- Problem:
Task for the records below: copy exactly, and only, the line containing "Дата-кабель Smartbuy 8pin" and every line after it to the end, with pictures left out.

- Task input:
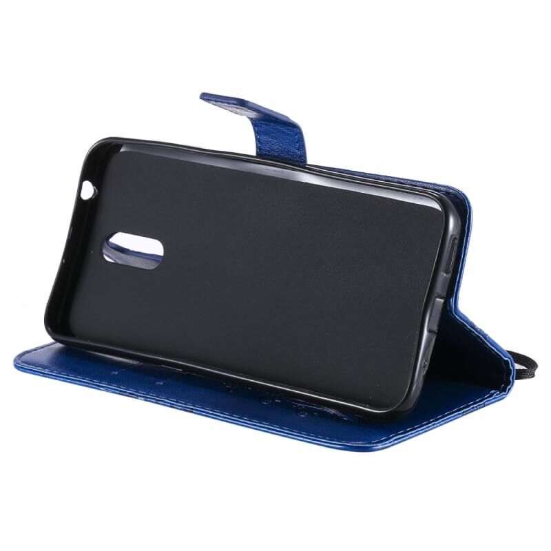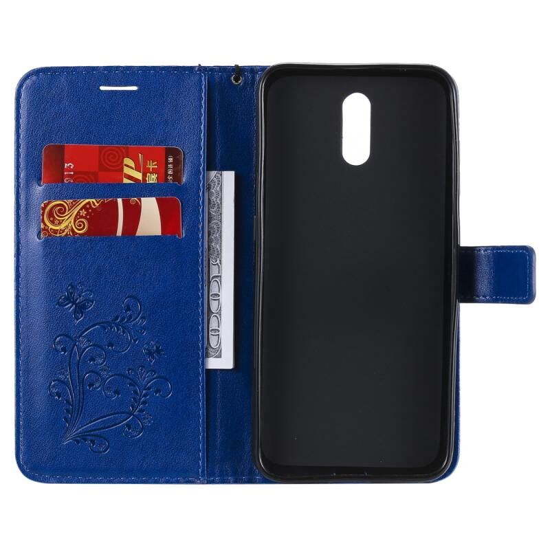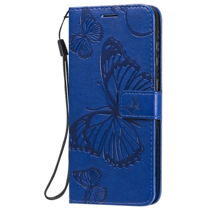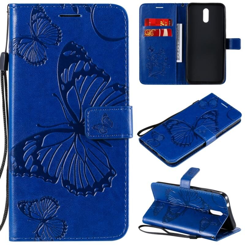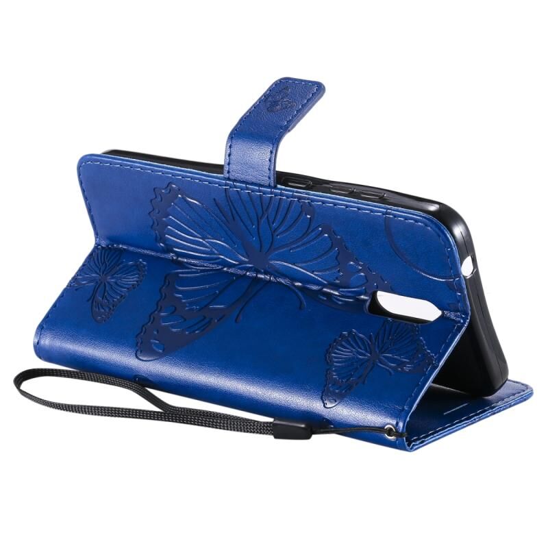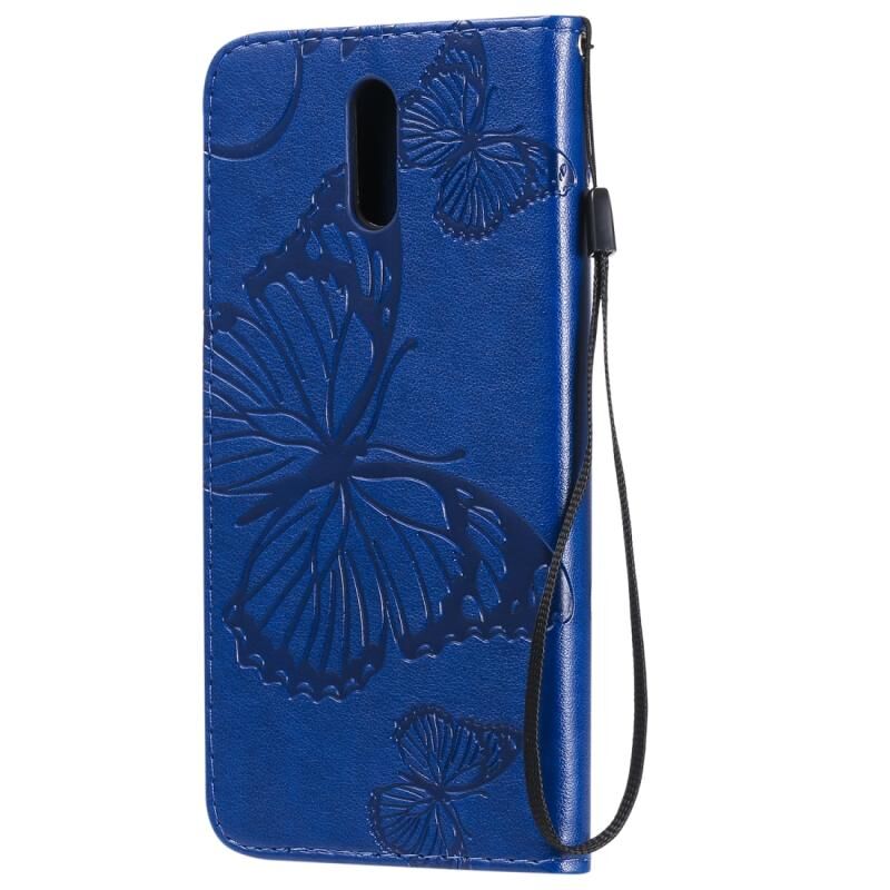 Θήκη δέρματος οριζόντιας αναδίπλωσης για Nokia 2.3 με ανάγλυφο σχέδιο 3D πεταλούδων, με βάση στήριξης & υποδοχή κάρτας & πορτοφόλι (Μωβ)
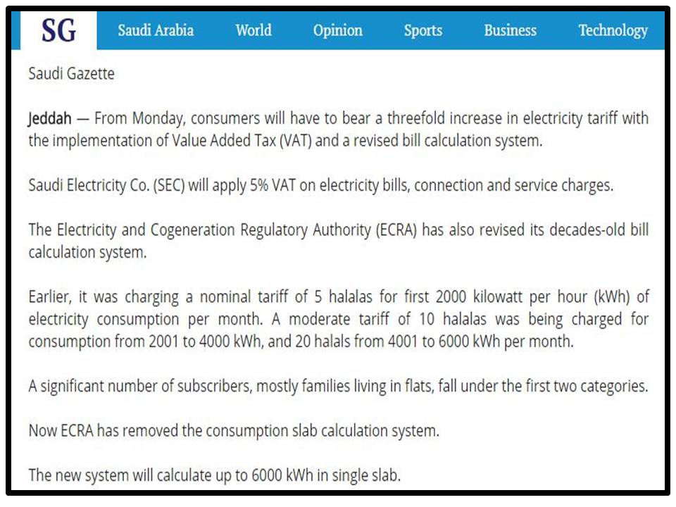 Electricity Tariffs To Be Revised From Jan 1 Saudi Gazette
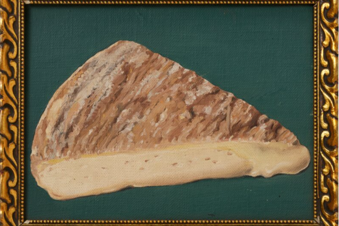 Un'opera che è una vera e propria messa in scena, con il piccolo dipinto collocato sotto una cupola di vetro, una campana per formaggi, a sua volta appoggiata su un piedistallo
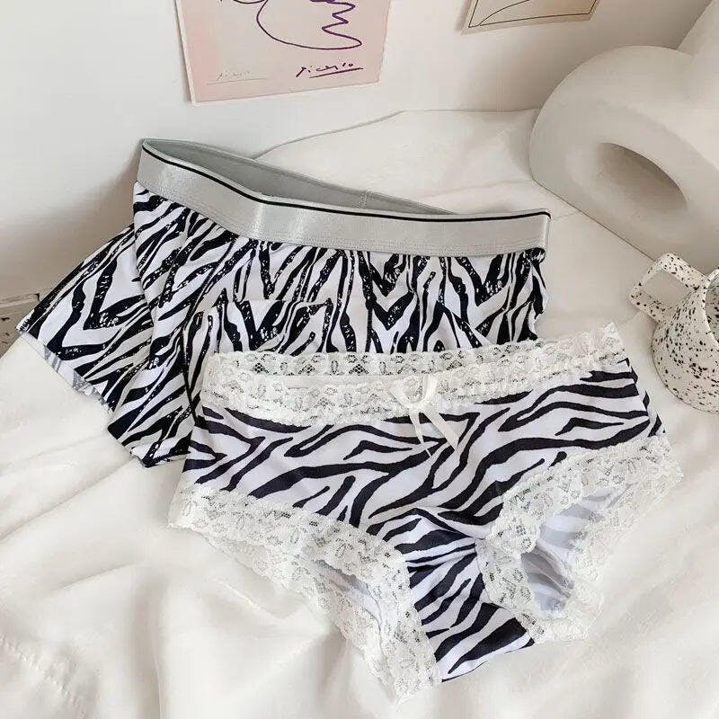 Ensemble sexy "Zebra Ice" – Sous-vêtements assortis pour couples en soie glacée
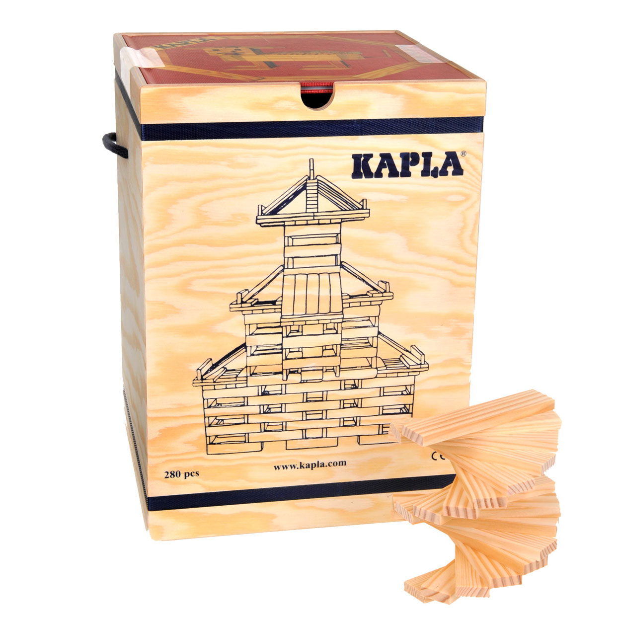 KAPLA Blank doos met 280 grenenhouten plankjes van exact dezelfde ideale maatverhoudingen. De stevige doos is gemaakt van mooi afgewerkt hout met als deksel het KAPLA Voorbeeldboek Deel 1.
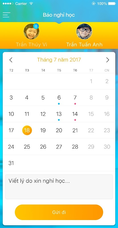 - Nhận thông báo nghỉ học từ phụ huynh và xác nhận nghỉ học qua ứng dụng. Các báo nghỉ được giáo viên xác nhận sẽ được ghi nhận là nghỉ học có phép và ngược lại.
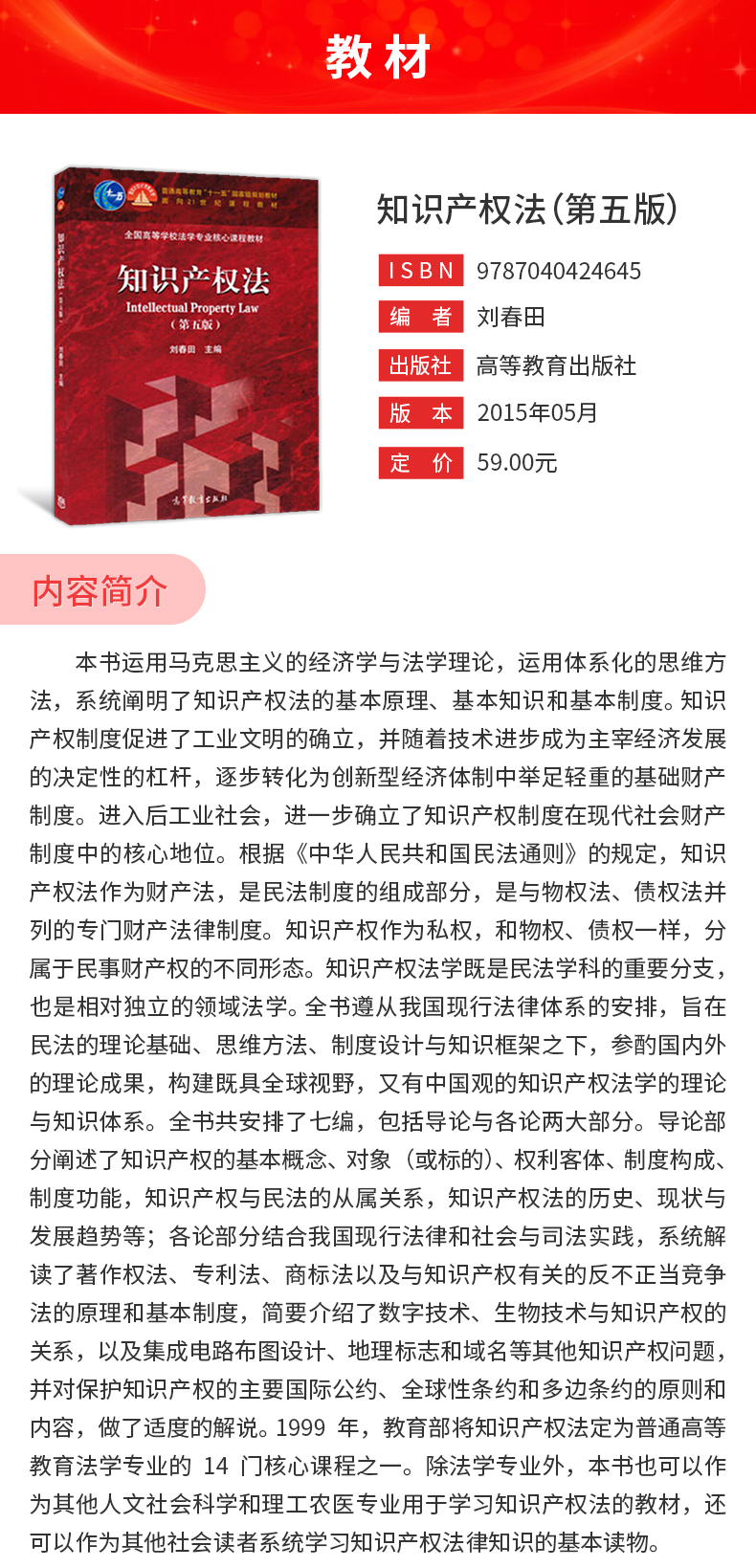 刘春田《知识产权法》(高教第5版)教材(高等教育出版社)
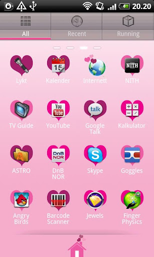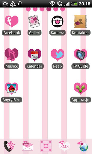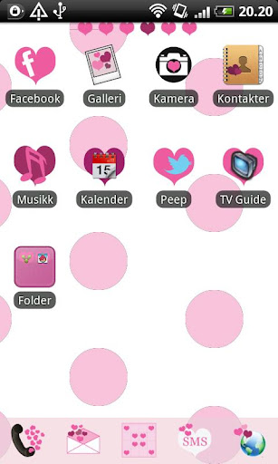 A super cute hearts theme for GO Launcher EX, includes many custom icons, dock bar background, 3 cute wallpapers and folder++.
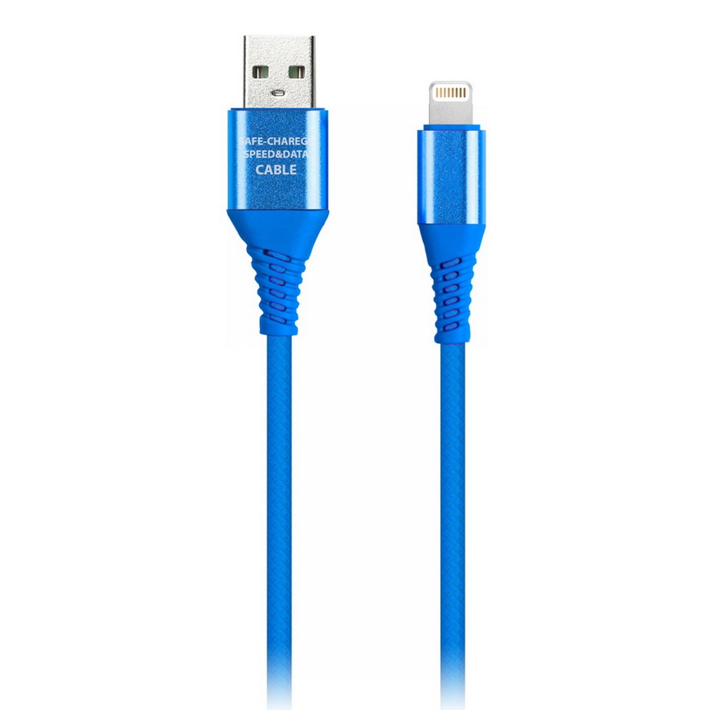 Дата-кабель Smartbuy 8pin кабель в рез. оплет. Gear, 1м. мет.након., <2А, син.(iK-512ERGbox blue)/50
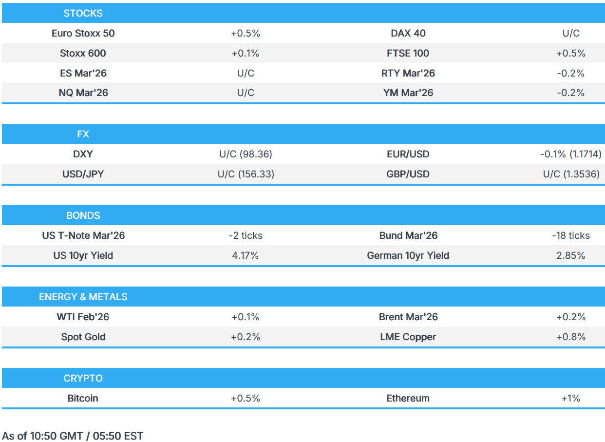 - European bourses are mostly firmer; US equity futures are mixed, with the RTY under slight pressure.
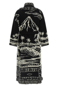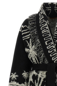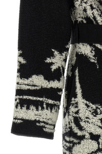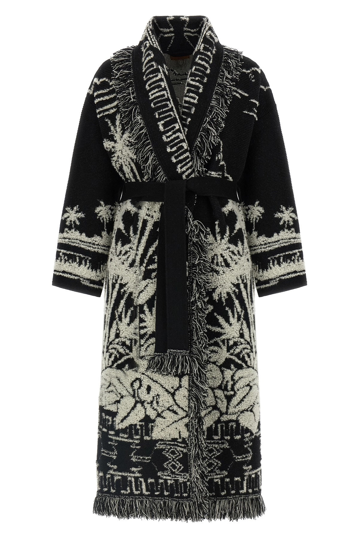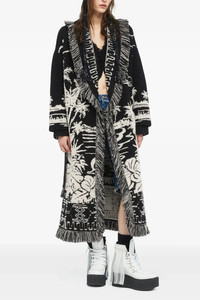 cod. LWHQ003E25KNI003100F100F 'Palm Grove Tales' cashmere and wool blend long coat with a 3D double jacquard sweater, 'Icon Coat' fit, dressing gown with shawl neckline and frayed edges, long sleeves, pockets, removable belt. Color: White/Black Size & Fit: true to size fit Composition: 91% ws 5% wo, 4% pa Made in: Italy
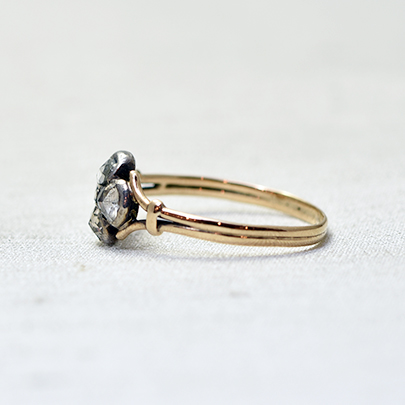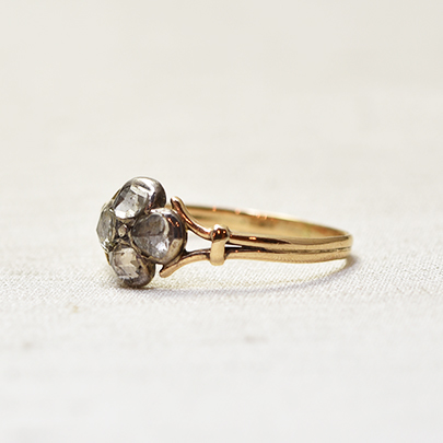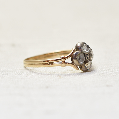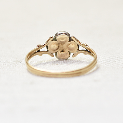 四つ葉のクローバーモチーフのローズカットダイヤモンドリング。

- Answer space:
 Дата-кабель Smartbuy 8pin кабель в рез. оплет. Gear, 1м. мет.након., <2А, син.(iK-512ERGbox blue)/50
 - European bourses are mostly firmer; US equity futures are mixed, with the RTY under slight pressure.
 cod. LWHQ003E25KNI003100F100F 'Palm Grove Tales' cashmere and wool blend long coat with a 3D double jacquard sweater, 'Icon Coat' fit, dressing gown with shawl neckline and frayed edges, long sleeves, pockets, removable belt. Color: White/Black Size & Fit: true to size fit Composition: 91% ws 5% wo, 4% pa Made in: Italy
 四つ葉のクローバーモチーフのローズカットダイヤモンドリング。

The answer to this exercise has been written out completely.